● **Requirement**:
From the first line of the records below, transcribe each line exactly up to and including the one with "Com os mapeamentos"; pictures stay out.

Material supplied below:

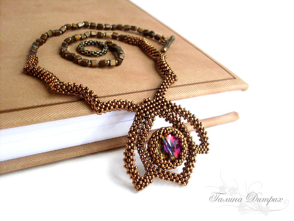 МК Квадратный жгут и прямой угол. Колье «Глаз дракона». | biser.info - всё о бисере и бисерном творчестве
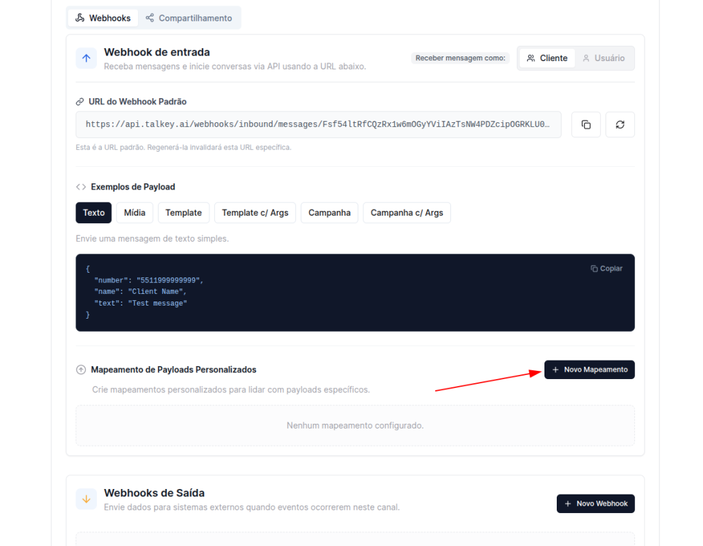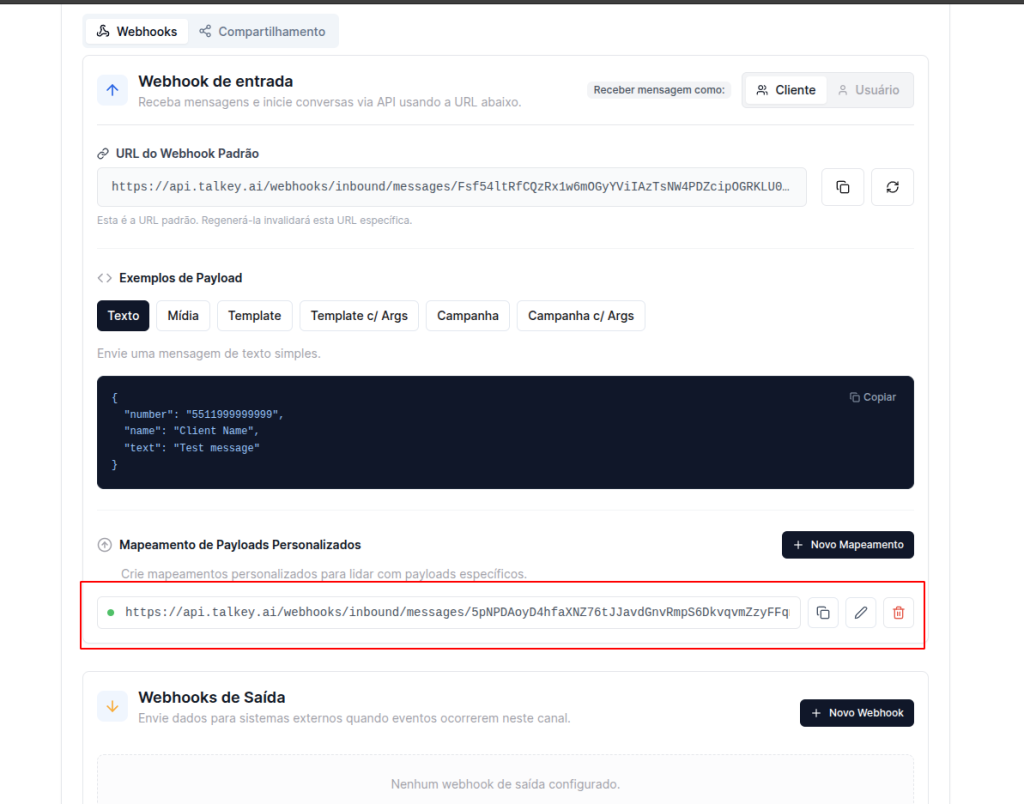 Com os mapeamentos de payloads personalizados, você consegue adaptar qualquer integração externa ao seu canal da Talkey! Cada mapeamento gera uma URL exclusiva, permitindo que diferentes sistemas enviem dados em seus próprios formatos sem precisar alterar o payload de origem.
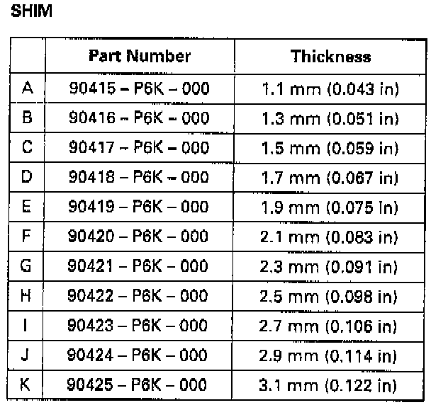 If the clearance value is less than specification, calculate the thickness of the new shim as described below.
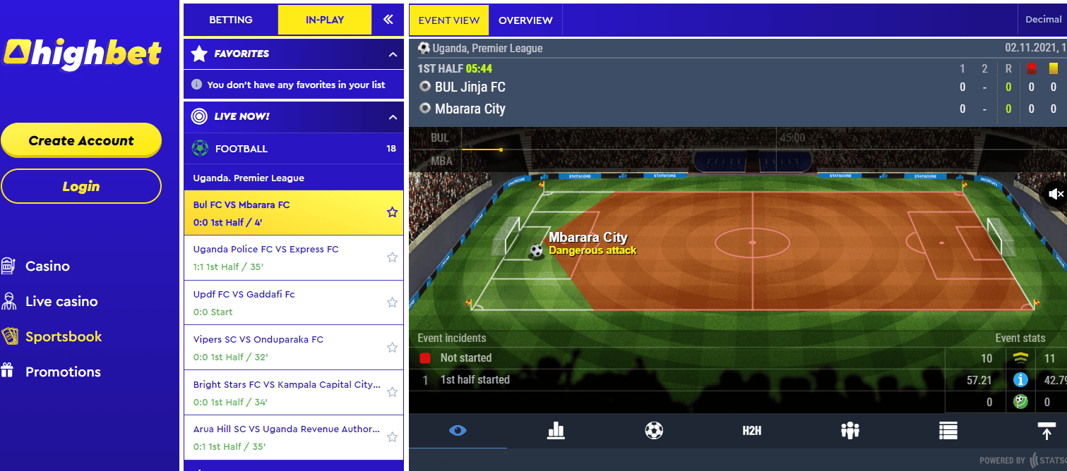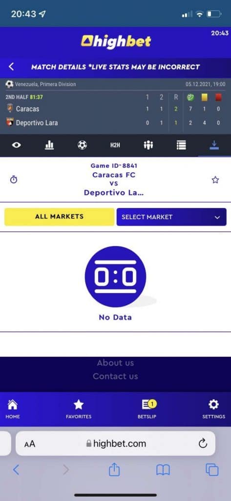 At the time of writing this Highbet review, we found that live streaming was not an option, but what we did find was that every sport that you can bet on in play had a nice looking graphic showing the latest score and key stats from the game. In addition, for a lot of sports, there were live animations showing events as they happened, along with key stats such as shots on target, bookings, corner kicks and even dangerous attacks.
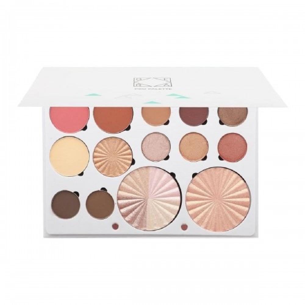 • يتمتع هذا الباليت بألوان ترابية ساحرة ، منها هايلايتير اللامع وألوان البني المات
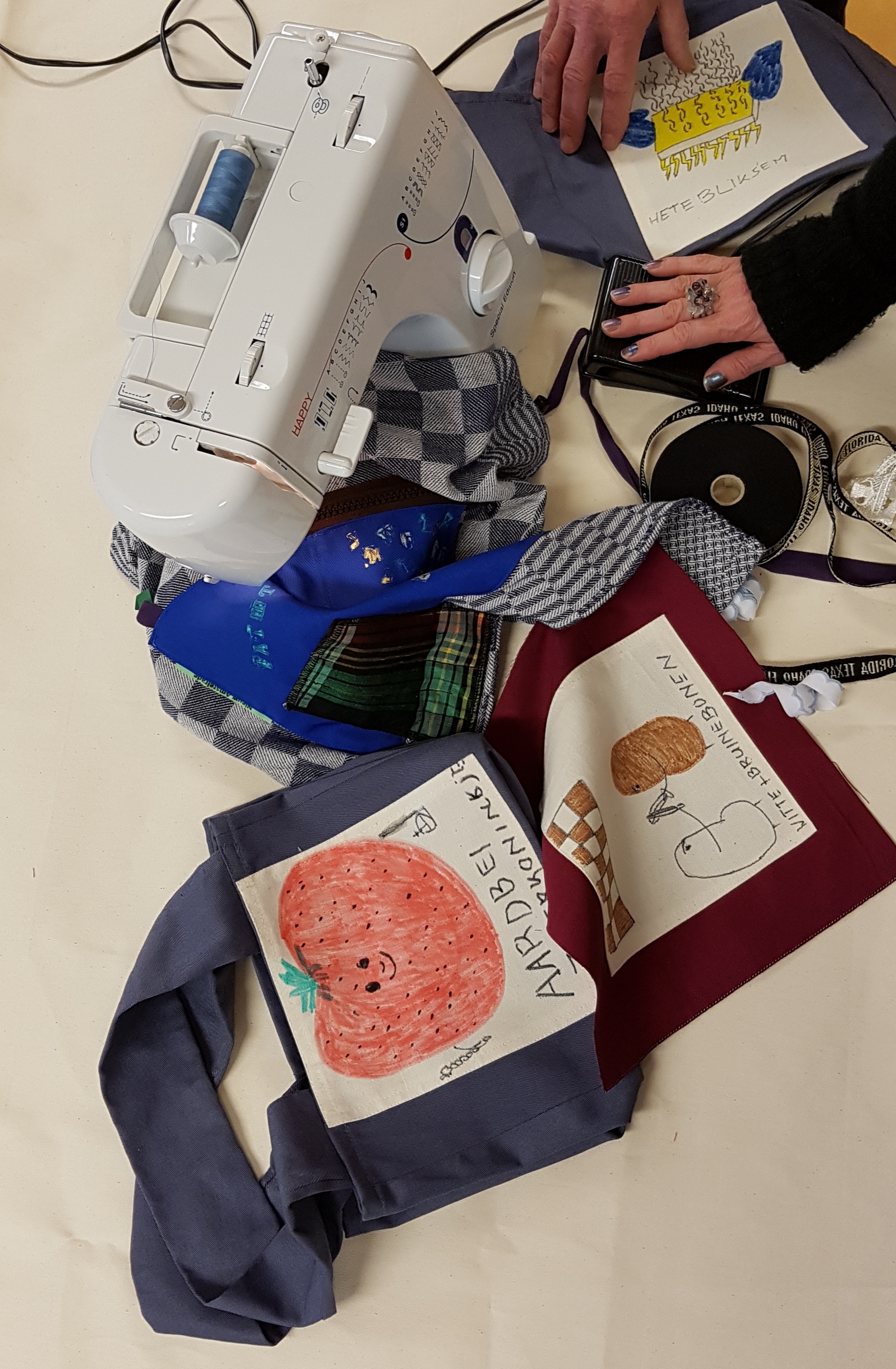 ![]() | Diverse deelnemers Soms werken meerdere mensen aan een product. Dit is het geval bij producten die wij doorlopend maken, zoals knnuffels, kussens en schorten. Het kan zijn dat bijvoorbeeld iemand de kleuren voor een schort of knuffel kiest, maar dat het product door iemand anders wordt gestikt. Het zijn prducten die doorlopend door alle deelnmers gezamelijk worden gemaakt.
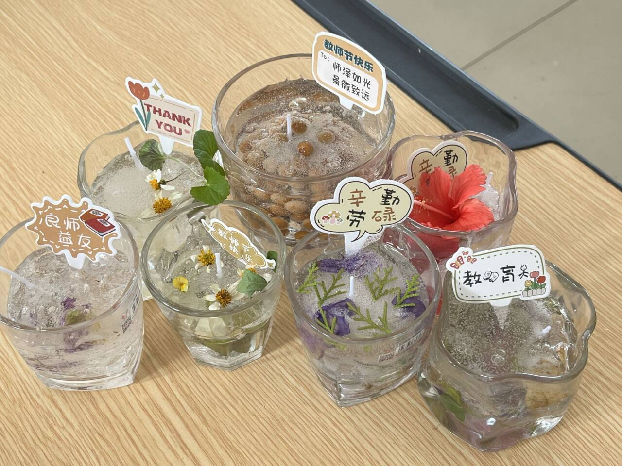 活动中,主持人详细介绍了鲜花蜡烛的制作方法和注意事项。参与活动的同学们前往公司劳动基地采摘新鲜美丽的花草,按照自己的审美喜好放置在玻璃杯中并倒入融化好的果冻蜡制作成鲜花蜡烛。鲜花蜡烛制作完成后,同学们将自己的作品送给公司每一位老师,送上同学们对各位老师的节日祝福。
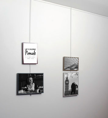 Le systeme de suspension est compose de 3 elements principaux. En accrochant ou en faisant glisser les fils avec les crochets a tableaux dans le rail vous pouvez suspendre vos encadrements. Le crochet pour tableau glisse aisement vers le haut ou vers le bas pour varier la hauteur daccroche a volonte.
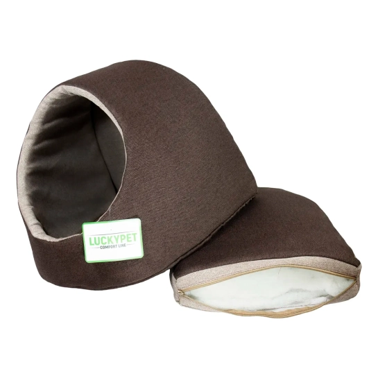 Виріб відмінно тримає форму завдяки якісному наповнювачу, а чохол будиночка виконаний із міцної тканини – рогожки . Завдяки щільному переплетенню ниток, матеріал має високу міцність і зносостійкість, добре пропускає повітря, не викликає алергії і не вбирає неприємні запахи, створюючи максимальний комфорт вашому вихованцю під час відпочинку.

End of Material supplied.

● **Answer below**:
 МК Квадратный жгут и прямой угол. Колье «Глаз дракона». | biser.info - всё о бисере и бисерном творчестве
 Com os mapeamentos de payloads personalizados, você consegue adaptar qualquer integração externa ao seu canal da Talkey! Cada mapeamento gera uma URL exclusiva, permitindo que diferentes sistemas enviem dados em seus próprios formatos sem precisar alterar o payload de origem.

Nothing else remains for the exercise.